DATASET RECORDS:
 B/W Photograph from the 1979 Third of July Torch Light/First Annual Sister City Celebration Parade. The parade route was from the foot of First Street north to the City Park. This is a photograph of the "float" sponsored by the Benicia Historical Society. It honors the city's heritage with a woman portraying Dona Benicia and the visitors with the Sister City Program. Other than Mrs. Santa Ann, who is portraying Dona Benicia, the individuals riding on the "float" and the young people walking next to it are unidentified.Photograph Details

* * *

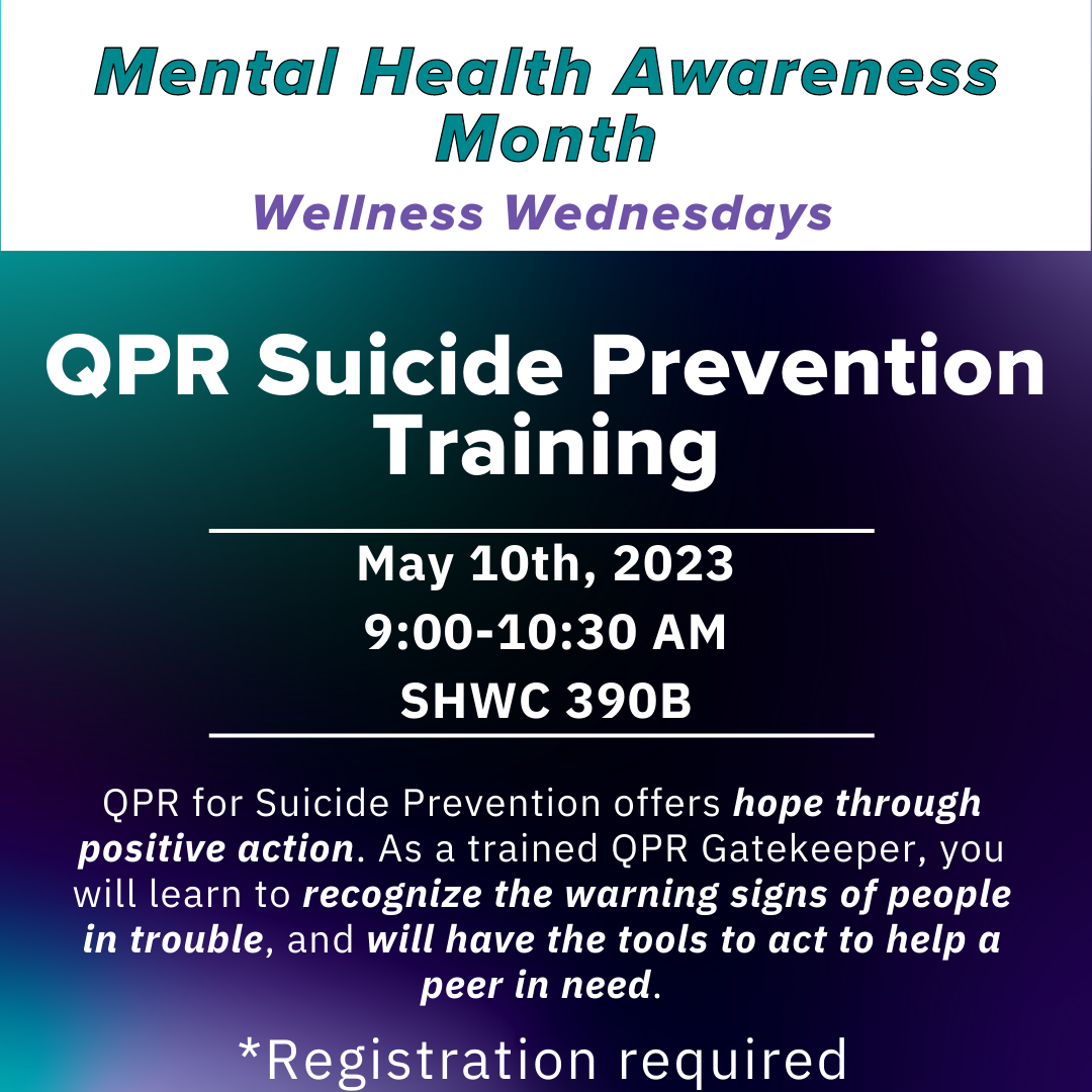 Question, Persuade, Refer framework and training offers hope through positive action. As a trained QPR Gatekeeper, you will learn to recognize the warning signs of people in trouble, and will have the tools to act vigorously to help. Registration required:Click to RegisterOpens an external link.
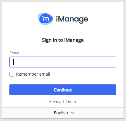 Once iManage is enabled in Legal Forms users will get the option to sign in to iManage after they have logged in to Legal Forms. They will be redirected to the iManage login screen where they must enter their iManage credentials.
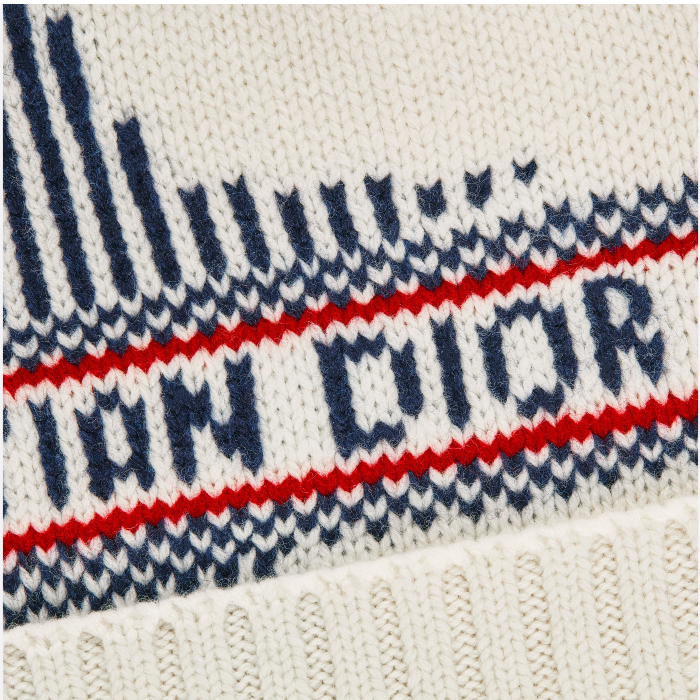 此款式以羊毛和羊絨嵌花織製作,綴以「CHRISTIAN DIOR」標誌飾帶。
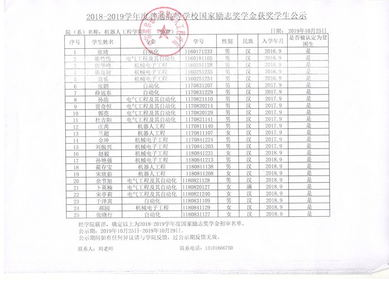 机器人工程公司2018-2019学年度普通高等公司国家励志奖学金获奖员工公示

EXERCISE REQUIREMENTS: Within the listing above, the lines from the one with "Once iManage is" through the one with "机器人工程公司2018-2019学年度普通高等公司国家励志奖学金获奖员工公示" are to be given again word for word. Do not include pictures.

RESPONSE:
 Once iManage is enabled in Legal Forms users will get the option to sign in to iManage after they have logged in to Legal Forms. They will be redirected to the iManage login screen where they must enter their iManage credentials.
 此款式以羊毛和羊絨嵌花織製作,綴以「CHRISTIAN DIOR」標誌飾帶。
 机器人工程公司2018-2019学年度普通高等公司国家励志奖学金获奖员工公示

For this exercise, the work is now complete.